Difference between asfreq and resample
resample
is more general than asfreq
. For example, using resample
I can pass an arbitrary function to perform binning over a Series
or DataFrame
object in bins of arbitrary size. asfreq
is a concise way of changing the frequency of a DatetimeIndex
object. It also provides padding functionality.
As the pandas documentation says, asfreq
is a thin wrapper around a call to date_range
+ a call to reindex
. See here for an example.
An example of resample
that I use in my daily work is computing the number of spikes of a neuron in 1 second bins by resampling a large boolean array where True
means "spike" and False
means "no spike". I can do that as easy as large_bool.resample('S', how='sum')
. Kind of neat!
asfreq
can be used when you want to change a DatetimeIndex
to have a different frequency while retaining the same values at the current index.

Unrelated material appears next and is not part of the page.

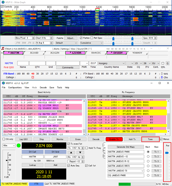 1・下図の「Tune」をクリックすると送信状態になります。 2.下図の「Pwr」で送信レベルを調整してALCが振れないように調整します。 3.バンドを変えて各バンド大丈夫か確認してみる。 |
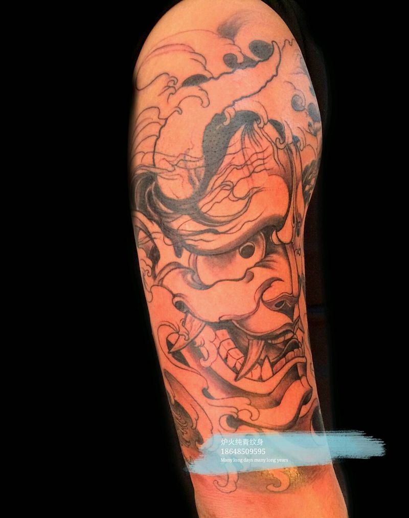 当前位置: 首页 >内蒙古通辽市纹身店-炉火纯青纹身纹身图案>般若包大臂黑灰底色纹身图片

Here's an example where they are equivalent:
In [6]: dr = date_range('1/1/2010', periods=3, freq=3 * datetools.bday)
In [7]: raw = randn(3)
In [8]: ts = Series(raw, index=dr)
In [9]: ts
Out[9]:
2010-01-01 -1.948
2010-01-06 0.112
2010-01-11 -0.117
Freq: 3B, dtype: float64
In [10]: ts.asfreq(datetools.BDay())
Out[10]:
2010-01-01 -1.948
2010-01-04 NaN
2010-01-05 NaN
2010-01-06 0.112
2010-01-07 NaN
2010-01-08 NaN
2010-01-11 -0.117
Freq: B, dtype: float64
In [11]: ts.resample(datetools.BDay())
Out[11]:
2010-01-01 -1.948
2010-01-04 NaN
2010-01-05 NaN
2010-01-06 0.112
2010-01-07 NaN
2010-01-08 NaN
2010-01-11 -0.117
Freq: B, dtype: float64
As far as when to use either: it depends on the problem you have in mind...care to share?

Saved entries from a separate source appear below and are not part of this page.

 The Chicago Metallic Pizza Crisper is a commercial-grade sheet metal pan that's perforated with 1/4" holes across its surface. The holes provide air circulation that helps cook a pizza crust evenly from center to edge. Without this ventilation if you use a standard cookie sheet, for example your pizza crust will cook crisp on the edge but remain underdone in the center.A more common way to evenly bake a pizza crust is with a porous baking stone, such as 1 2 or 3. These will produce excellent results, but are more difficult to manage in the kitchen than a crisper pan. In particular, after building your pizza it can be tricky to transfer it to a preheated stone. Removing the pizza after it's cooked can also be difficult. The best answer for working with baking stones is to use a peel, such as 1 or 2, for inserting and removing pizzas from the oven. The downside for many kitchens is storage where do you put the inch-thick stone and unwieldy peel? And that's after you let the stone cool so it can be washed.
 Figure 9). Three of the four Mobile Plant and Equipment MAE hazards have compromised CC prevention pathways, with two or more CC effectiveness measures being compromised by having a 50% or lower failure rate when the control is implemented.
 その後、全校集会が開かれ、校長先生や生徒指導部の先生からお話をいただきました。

Let me use an example to illustrate:
# generate a series of 365 days
# index = 20190101, 20190102, ... 20191231
# values = [0,1,...364]
ts = pd.Series(range(365), index = pd.date_range(start='20190101',
end='20191231',
freq = 'D'))
ts.head()
output:
2019-01-01 0
2019-01-02 1
2019-01-03 2
2019-01-04 3
2019-01-05 4
Freq: D, dtype: int64
Now, resample the data by quarter:
ts.asfreq(freq='Q')
output:
2019-03-31 89
2019-06-30 180
2019-09-30 272
2019-12-31 364
Freq: Q-DEC, dtype: int64
The asfreq()
returns a Series
object with the last day of each quarter in it.
ts.resample('Q')
output:
DatetimeIndexResampler [freq=<QuarterEnd: startingMonth=12>, axis=0, closed=right, label=right, convention=start, base=0]
Resample returns a DatetimeIndexResampler
and you cannot see what's actually inside. Think of it as the groupby
method. It creates a list of bins
(groups):
bins = ts.resample('Q')
bin.groups
output:
{Timestamp('2019-03-31 00:00:00', freq='Q-DEC'): 90,
Timestamp('2019-06-30 00:00:00', freq='Q-DEC'): 181,
Timestamp('2019-09-30 00:00:00', freq='Q-DEC'): 273,
Timestamp('2019-12-31 00:00:00', freq='Q-DEC'): 365}
Nothing seems different so far except for the return type. Let's calculate the average of each quarter:
# (89+180+272+364)/4 = 226.25
ts.asfreq(freq='Q').mean()
output:
226.25
When mean()
is applied, it outputs the average of all the values. Note that this is not the average of each quarter, but the average of the last day of each quarter.
To calculate the average of each quarter:
ts.resample('Q').mean()
output:
2019-03-31 44.5
2019-06-30 135.0
2019-09-30 226.5
2019-12-31 318.5
You can perform more powerful operations with resample()
than asfreq()
.
Think of resample
as groupby
+ every method that you can call after groupby
(e.g. mean, sum, apply, you name it) .
Think of asfreq
as a filter mechanism with limited fillna()
capabilities (in fillna(), you can specify limit
, but asfreq() does not support it).